Your assignment>
For the data below, report the number of lines that contain the string "this" and nothing else.

:: Record excerpts

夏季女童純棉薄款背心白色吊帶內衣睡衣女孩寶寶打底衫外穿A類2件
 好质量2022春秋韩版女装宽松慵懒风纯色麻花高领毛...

::::
:: Record excerpts

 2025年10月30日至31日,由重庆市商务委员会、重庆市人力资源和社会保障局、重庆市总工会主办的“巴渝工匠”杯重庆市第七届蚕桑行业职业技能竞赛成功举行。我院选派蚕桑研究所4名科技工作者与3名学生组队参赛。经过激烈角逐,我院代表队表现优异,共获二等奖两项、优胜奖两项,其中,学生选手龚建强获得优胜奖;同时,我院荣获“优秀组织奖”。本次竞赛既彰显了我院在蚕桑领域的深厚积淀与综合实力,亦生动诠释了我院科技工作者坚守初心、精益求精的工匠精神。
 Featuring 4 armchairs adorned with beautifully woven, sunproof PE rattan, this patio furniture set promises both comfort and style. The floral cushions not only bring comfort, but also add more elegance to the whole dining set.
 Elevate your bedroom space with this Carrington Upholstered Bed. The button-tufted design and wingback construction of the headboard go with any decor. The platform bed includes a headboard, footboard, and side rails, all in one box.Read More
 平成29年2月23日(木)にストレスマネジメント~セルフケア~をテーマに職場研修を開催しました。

::::

Task answer>
2